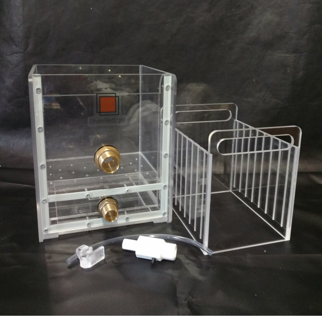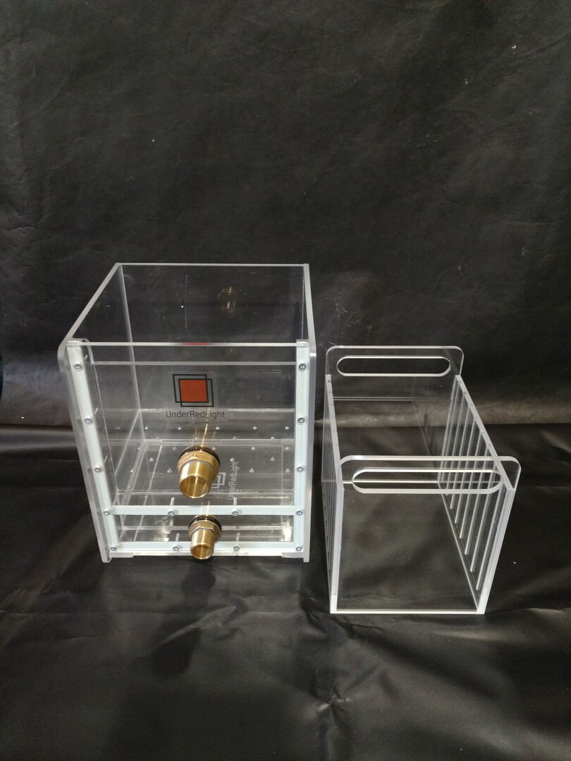 Wet plates washer. Device can process 12 plates 8x10"  or up to 24 plates 5x7/4x5". Features: - Inlet and outlet brass connectors have inch threads (1/2", 3/4"); - Supplied with basket container ; - Plates are placed slightly tilted into container to avoid knocking them over into the washer and emulsion damage.  - Basket has divider for smaller plate formats. ===============  Important notifications!  ================ Production and times Every washer will be created to order.  There are no ready to ship items, therefore keep in mind that producing takes time.  As regular it takes from week to two from material ordering to ready to ship device. Also other orders can be in line when you make your own order and third party delays also happen. In additional these days due to known actions on my land some extra delays may happen. As a rule I notify buyer about production time in message after order. If you worries about times, please ask about it before buying! Washers made of acrylic. Due to manual manufacturing devices may contain marks: small scratches, glue marks on surfaces and bubbles into the glue lines. However it is doesn't take effect on functionality, common look and doesn't limit owners to be satisfied with device. Be sure that each washer I produce with due care and attention. Design may be slightly differ from the sample view on the photographs due to time to time modernisation. Shipping & delivery: It is possible to send goods mostly worldwide with range of services.  Shipping prices are actual mostly for United States. Shipping cost for consumers outside US specified approximately and may differ. Please clarify about delivery cost for your county before ordering. Due to international sale some customs and import taxes may apply to buyers depending on location. All devices are packed well in several package layers, however Please check your parcel at least visually when you will receiving it. In case the box is damaged or looks bad open it with courier to check goods. It may let me and you to get refund if device will be damaged on the way. ========== Options: You can ask to create almost any custom washer or tray for films and prints with necessary holding capacity, additional modules (such as module for Hypo clear solution) and format (up to 20x24" and more). Find more interesting on my Instagram:  underredlight
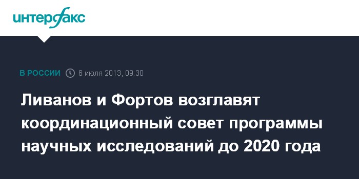 Ливанов и Фортов возглавят координационный совет программы научных исследований до 2020 года
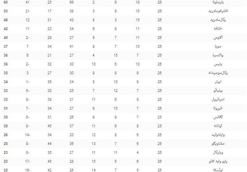 جدول ردهبندی لالیگا را در زیر مشاهده کنید.
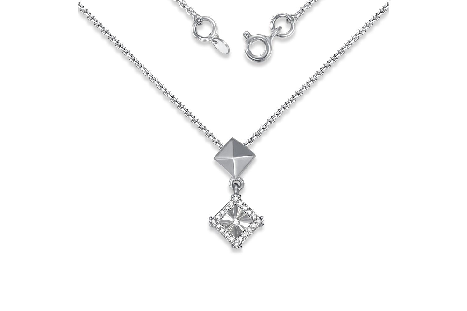 Мастера компании NEWGOLD, приложив всё свое мастерство и искусство, создали для Вас на нашем собственном производстве Колье Квадрат из белого золота с 21 бриллиантами.

◆ Assigned task ◆
With the pictures removed, write the listing out word for word.

◆ Completed task ◆
 Wet plates washer. Device can process 12 plates 8x10"  or up to 24 plates 5x7/4x5". Features: - Inlet and outlet brass connectors have inch threads (1/2", 3/4"); - Supplied with basket container ; - Plates are placed slightly tilted into container to avoid knocking them over into the washer and emulsion damage.  - Basket has divider for smaller plate formats. ===============  Important notifications!  ================ Production and times Every washer will be created to order.  There are no ready to ship items, therefore keep in mind that producing takes time.  As regular it takes from week to two from material ordering to ready to ship device. Also other orders can be in line when you make your own order and third party delays also happen. In additional these days due to known actions on my land some extra delays may happen. As a rule I notify buyer about production time in message after order. If you worries about times, please ask about it before buying! Washers made of acrylic. Due to manual manufacturing devices may contain marks: small scratches, glue marks on surfaces and bubbles into the glue lines. However it is doesn't take effect on functionality, common look and doesn't limit owners to be satisfied with device. Be sure that each washer I produce with due care and attention. Design may be slightly differ from the sample view on the photographs due to time to time modernisation. Shipping & delivery: It is possible to send goods mostly worldwide with range of services.  Shipping prices are actual mostly for United States. Shipping cost for consumers outside US specified approximately and may differ. Please clarify about delivery cost for your county before ordering. Due to international sale some customs and import taxes may apply to buyers depending on location. All devices are packed well in several package layers, however Please check your parcel at least visually when you will receiving it. In case the box is damaged or looks bad open it with courier to check goods. It may let me and you to get refund if device will be damaged on the way. ========== Options: You can ask to create almost any custom washer or tray for films and prints with necessary holding capacity, additional modules (such as module for Hypo clear solution) and format (up to 20x24" and more). Find more interesting on my Instagram:  underredlight
 Ливанов и Фортов возглавят координационный совет программы научных исследований до 2020 года
 جدول ردهبندی لالیگا را در زیر مشاهده کنید.
 Мастера компании NEWGOLD, приложив всё свое мастерство и искусство, создали для Вас на нашем собственном производстве Колье Квадрат из белого золота с 21 бриллиантами.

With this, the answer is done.